Spiritual leader of Tibet from 1762 to 1804

The 8th Dalai Lama, Jamphel Gyatso (1758–1804) was recognized as the 8th Dalai Lama of Tibet.

Born in 1758 at Lhari Gang (Tob-rgyal Lha-ri Gang) in the Upper Ü-Tsang region of southwestern Tibet his father, Sonam Dhargye and mother, Phuntsok Wangmo, were originally from Kham.
They were distant descendants of Dhrala Tsegyal, who was one of the major heroes of the Gesar epic.

==Traditional history==

He was escorted to Lhasa and enthroned as the leader of the Tibetan people in the Potala Palace in 7th month of the Water Horse Year (1762) when he was five years old (four by Western reckoning). The enthronement ceremony was presided over by Demo Tulku Jamphel Yeshi, the first of a series of Regents to represent the Dalai Lamas when they were minors. The ceremony was held in the 'Beyond Mind Temple of the Second Potala'.

He was the disciple of Yongzin Yeshe Gyaltsen, the Kushok Bakula Rinpoche.

The country continued to be ruled by regents until the Wood Dragon Year (1784) when the Regent was sent as an ambassador to China and the Dalai Lama ruled alone until 1790, when the Regent returned to help Jamphel Gyatso.
In 1788 there was a conflict with Nepali wool traders leading to a skirmish with the Gurkhas.
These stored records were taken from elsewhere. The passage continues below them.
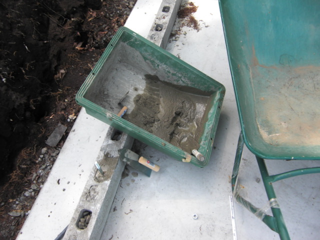 ブロックの基礎はプロにお願いしたのですが、ブロックの穴に生コンが入っていない箇所が多いのです。強度的には問題がないとのことです。しかし、水がたまるとの話もありますのでセメントで蓋をします。セメントの節約の為にバラスを穴の中に入れて、それからセメントわ詰めます。
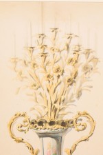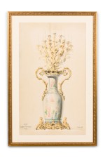 French Victorian colored print of a blue and gold vase in a gold frame (signed).
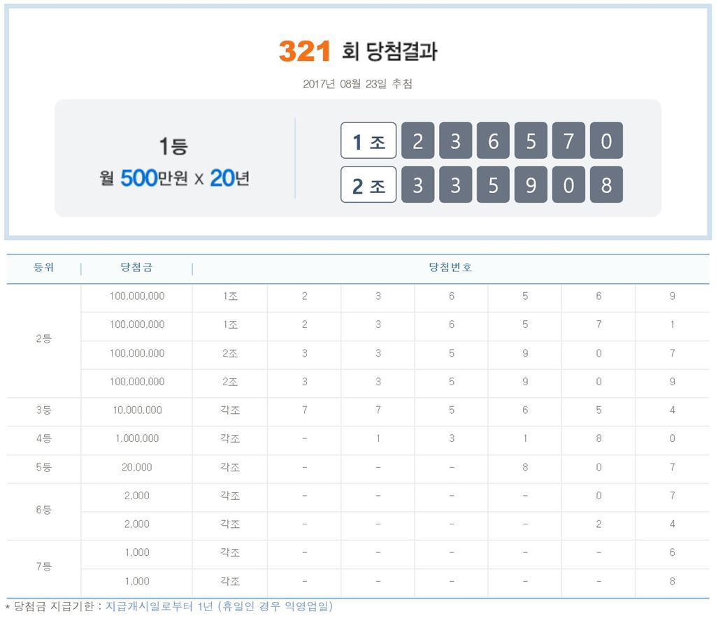 [아시아경제 임혜선 기자]23일 추첨한 제321회차 '연금복권520'의 1등 당첨번호가 '1조236570'와'2조335908'번으로 결정됐다.연금복권 1등 당첨금은 매월 500만원씩 20년간 연금 형식으로 지급된다. 세금을 뺀 실 수령액은 약 월 390만원이다. 2등 당첨번호는 각 1등 맨 끝자리에 1을 더하고 뺀 '1조236569'번·'1조236571'번·'2조335907'번·'2조335909'번이다. 당첨금은 1억원이다.3등 당첨번호는 각조 '775654'번으로 당첨금 1000만원이 주어진다. 100만원이 주어지는 4등 당첨번호는 각조 끝자리 '13180'번이다.5등 당첨번호는 각조 끝자리 '807'번으로 당첨금 2만원, 6등 당첨번호는 각조 끝자리 '24'번과 '07'번으로 당첨금 2000원을 받는다. 당첨금 1000원을 받는 7등 당첨번호는 각조 끝자리 '6'번과 '8'번이다.임혜선 기자 lhsro@asiae.co.kr<ⓒ세계를 보는 창 경제를 보는 눈, 아시아경제(www.asiae.co.kr) 무단전재 배포금지>
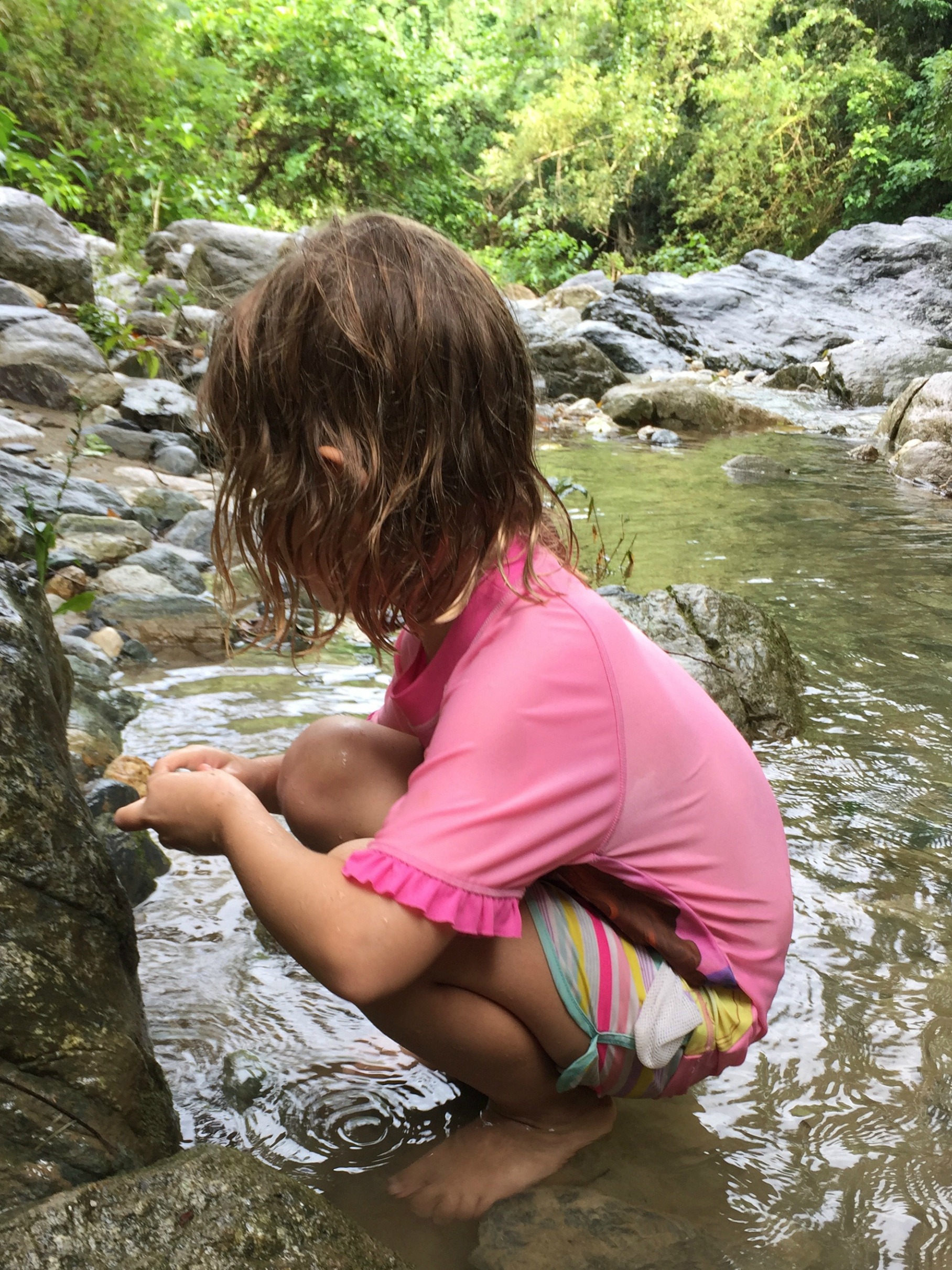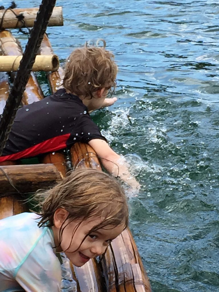 We do let our kids have iPad time, however it is very limited, and use in the car is only for emergencies (also for airports, delays at ferry terminals, and to distract them from hunger), because for FB, staring at a device in a moving vehicle is a prime trigger for puking. Also, we find when they have their heads buried they totally tune out of what is going on around them and they cannot be engaged. We talk to the kids as we go and encourage them to play games together. We like looking out of the windows at exciting things and playing games like ‘spot the monkey’ and ‘spot the caribou’. I get great satisfaction when weeks later the kids start talking about the corn we saw drying roadside and the little birds eating it. So, yes I have my iPad for downtime, but we encourage looking out and discovering the real world. Having teachable moments.

In 1790 the Gurkhas invaded southern Tibet and conquered several provinces including Nyalam and Gyirong. The city of Shigatse and the Tashilhunpo Monastery were captured and looted but the Gurkhas were driven back to Nepal in 1791 after the Qing dynasty sent troops to Tibet. A peace treaty between the Qing dynasty and Gurkhas was agreed on in 1796.

===Norbulingka Park and Summer Palace and other activities===

He built the Norbulingka Park and Summer Palace in 1783 on the outskirts of Lhasa. He also commissioned an exquisite copper statue of the Buddha for the people of Southern Tibet which was brought into India in the 1960s and is now housed at the Library of Tibetan Works & Archives, Dharamsala, India.

===Later life===
"He was a mild and contemplative person with no great interest in temporal affairs and although he lived to be 45 [44 by Western reckoning], for most of his life he was content to let a Regent conduct the administration."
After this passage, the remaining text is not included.